If we can't fetch the secrets and inject them when running through an automated pipeline, using Secret Variables serves little purpose for scalable production use through BRU CLI.

There is no way I would ever authorize DevSecOps to pass a parameter at the command line that passes in sensitive information. Besides the fact the OS will write that out to the history file and keep it in the process list, it's just bad appsec to rely on credentials that have to be managed in command line execution.

Using .env files isn't that great an option either, as the secrets are still in a plaintext format. The concept of Secret Variables that are encrypted at rest is a much better approach. I don't know enough about Electron's safeStorage library to understand how hard it would be to import that into the CLI. However, I think it would be worth investigating to see how difficult it would be. I can already imagine headaches related to the fact it would be bound to the user's keyring, making decryption difficult. However, maybe there are alternative ways to accomplish this where the key itself could be used outside of Electron.

Alternatively, if dotenv files are the right answer, then I would HIGHLY recommend that you ACL those files tightly to ensure that the principle of least privilege is followed. And then #2009 should come into play and allow {{process.env.VarName}} syntax to become a resolvable artifact in the UI.

I see you removed the bug tag from the issue. However, if you really believe this is the desired behavior you want to support then I HIGHLY recommend you update the docs at https://docs.usebruno.com/secrets-management/secret-variables and make it clear Secret Variables will never be usable in BRU CLI.

platform-kit commented 4 months ago

@helloanoop where did you get on this?

I am a long time Bruno user but just now using bruno cli to automate tests.... surprised there is no way to pass ENV from a local directory.

Seems like it should be an easy fix to allow the end user to pass a local path instead of the OS-specific one, so that ENV configs can live in the project and be part of version control...

vaibhav0461 commented 3 months ago

@helloanoop How to pass multiple environment variables in Bruno CLI.. I am able to run Collection bru run --env environment_name --env-var client-id='XXX'

But I want to pass client-secret also along with client-id in CLI how is it possible?

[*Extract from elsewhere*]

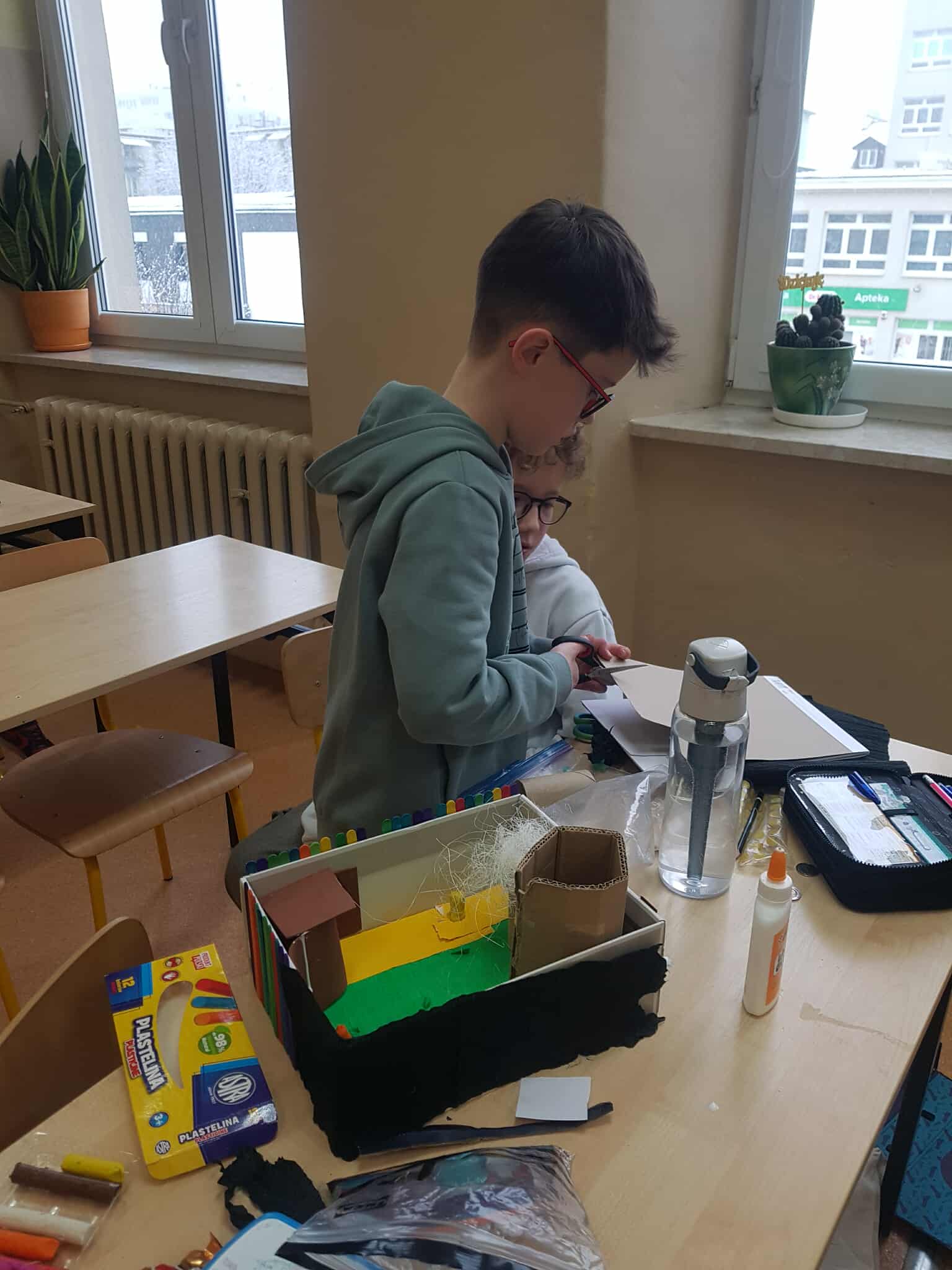 W ramach innowacji pedagogicznej "Polski poza ławką" uczniowie klas 4a i 4b w ciekawy sposób podsumowali lekcje języka polskiego poświęcone lekturze Janusza Christy pt. „Kajko i Kokosz. Szkoła latania”.

joeng03 commented 2 months ago

Hi @helloanoop @DanaEpp ,

While working with Bruno on a project, I encountered the need to securely store and manage credentials. To address this, I devised a solution that involves encrypting credentials for storage and decrypting them when executing the Bruno CLI. The decrypted credentials are then passed into the process environment, and the handler function from @usebruno/cli/src/commands/run is called directly to run the tests without using the command line. Here is the implementation:

import { handler } from "@usebruno/cli/src/commands/run";

// Decrypted credentials are assigned to the process environment
const credentials = <LOAD_AND_DECRYPT_CREDENTIALS>;
Object.assign(process.env, credentials);

// Call the handler function with the necessary parameters
handler({
    env: <ENVIRONMENT>,
    cacert: <CA_CERT_PATH>,
    output: <OUTPUT_PATH>,
    format: <FORMAT>,
    // Other necessary options
});

Feel free to reach out if you have any questions or need further clarification about this approach!